§ **Problem to solve**
Using the records below, copy exactly the part that opens with the line holding "The show also" and closes with the line holding "DD2356 on rear", minus the pictures.

(Beginning of Raw data)

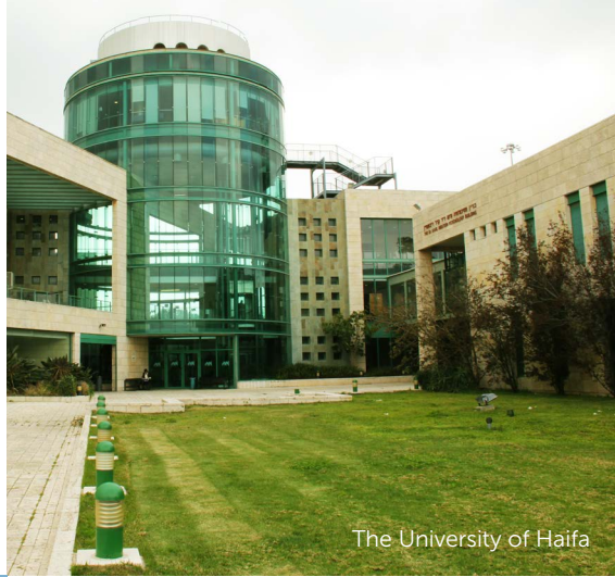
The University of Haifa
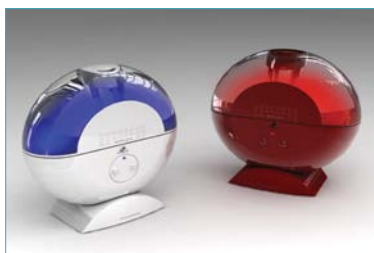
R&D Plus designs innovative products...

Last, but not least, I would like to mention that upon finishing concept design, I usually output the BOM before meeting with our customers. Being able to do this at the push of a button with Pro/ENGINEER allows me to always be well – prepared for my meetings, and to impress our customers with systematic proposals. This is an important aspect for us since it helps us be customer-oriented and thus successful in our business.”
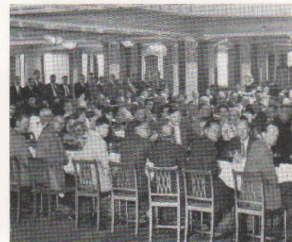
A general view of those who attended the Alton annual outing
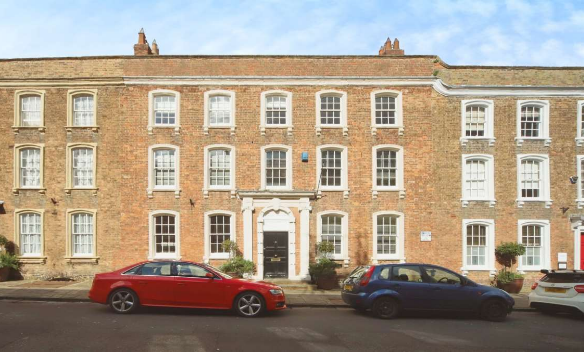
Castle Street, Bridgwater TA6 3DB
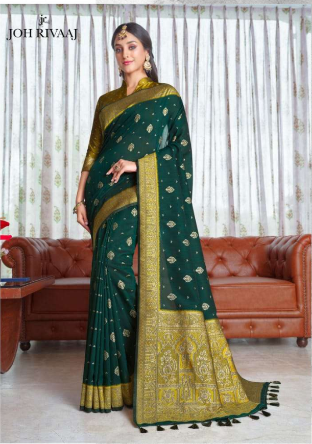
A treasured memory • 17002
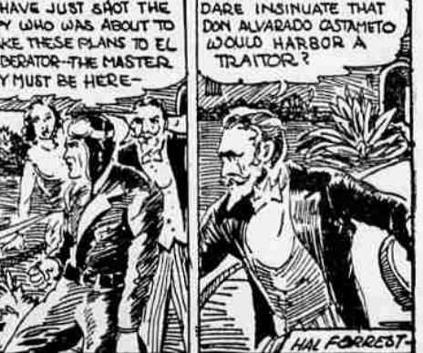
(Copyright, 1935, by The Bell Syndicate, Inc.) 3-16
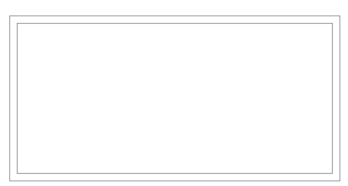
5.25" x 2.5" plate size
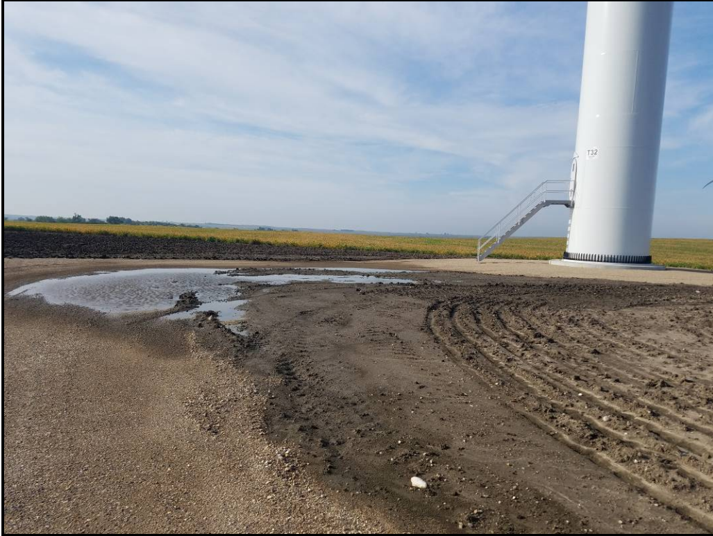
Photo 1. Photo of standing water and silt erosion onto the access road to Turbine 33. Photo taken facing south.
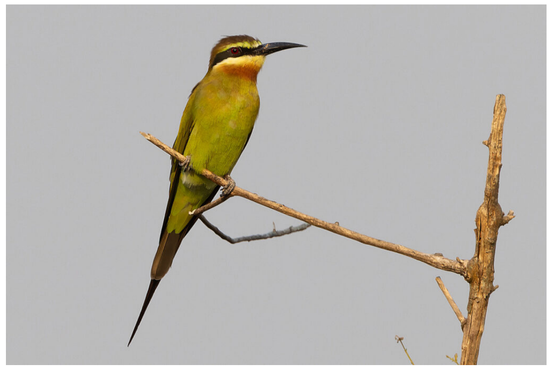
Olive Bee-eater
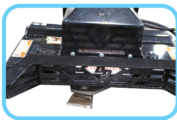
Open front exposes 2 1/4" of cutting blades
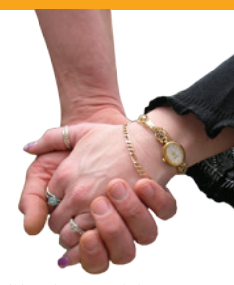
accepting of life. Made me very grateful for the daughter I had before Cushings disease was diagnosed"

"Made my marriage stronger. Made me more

(End of Raw data)
(Beginning of Raw data)

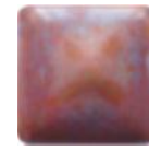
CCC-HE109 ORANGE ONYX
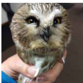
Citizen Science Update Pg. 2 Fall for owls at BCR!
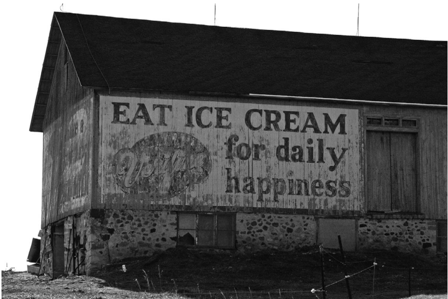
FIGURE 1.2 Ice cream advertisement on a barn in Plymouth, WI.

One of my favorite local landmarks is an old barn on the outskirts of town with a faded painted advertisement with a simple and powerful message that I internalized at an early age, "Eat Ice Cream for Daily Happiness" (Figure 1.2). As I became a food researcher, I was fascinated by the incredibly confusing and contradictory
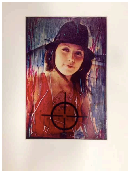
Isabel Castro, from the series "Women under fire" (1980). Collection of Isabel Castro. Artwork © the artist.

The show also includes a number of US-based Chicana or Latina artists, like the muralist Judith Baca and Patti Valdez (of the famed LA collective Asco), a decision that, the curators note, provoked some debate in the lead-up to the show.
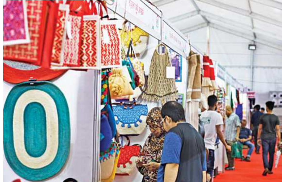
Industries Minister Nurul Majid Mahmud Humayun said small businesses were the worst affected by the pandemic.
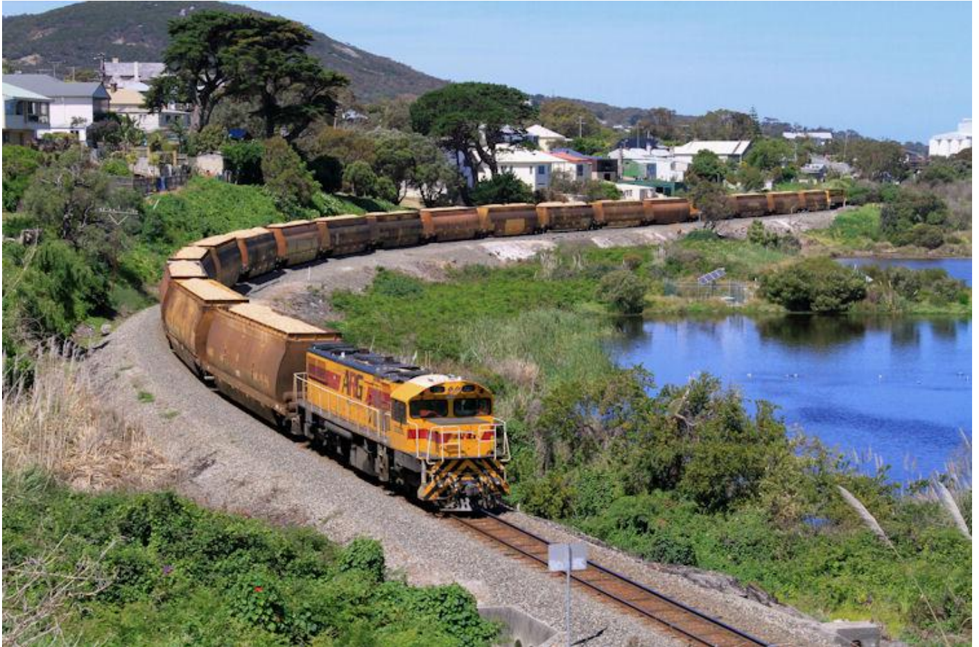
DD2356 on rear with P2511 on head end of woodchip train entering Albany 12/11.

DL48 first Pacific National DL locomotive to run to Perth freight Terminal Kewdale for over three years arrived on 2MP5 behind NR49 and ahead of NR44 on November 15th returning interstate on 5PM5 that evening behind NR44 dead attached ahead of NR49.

(End of Raw data)

§ **Written response**
The show also includes a number of US-based Chicana or Latina artists, like the muralist Judith Baca and Patti Valdez (of the famed LA collective Asco), a decision that, the curators note, provoked some debate in the lead-up to the show.
Industries Minister Nurul Majid Mahmud Humayun said small businesses were the worst affected by the pandemic.
DD2356 on rear with P2511 on head end of woodchip train entering Albany 12/11.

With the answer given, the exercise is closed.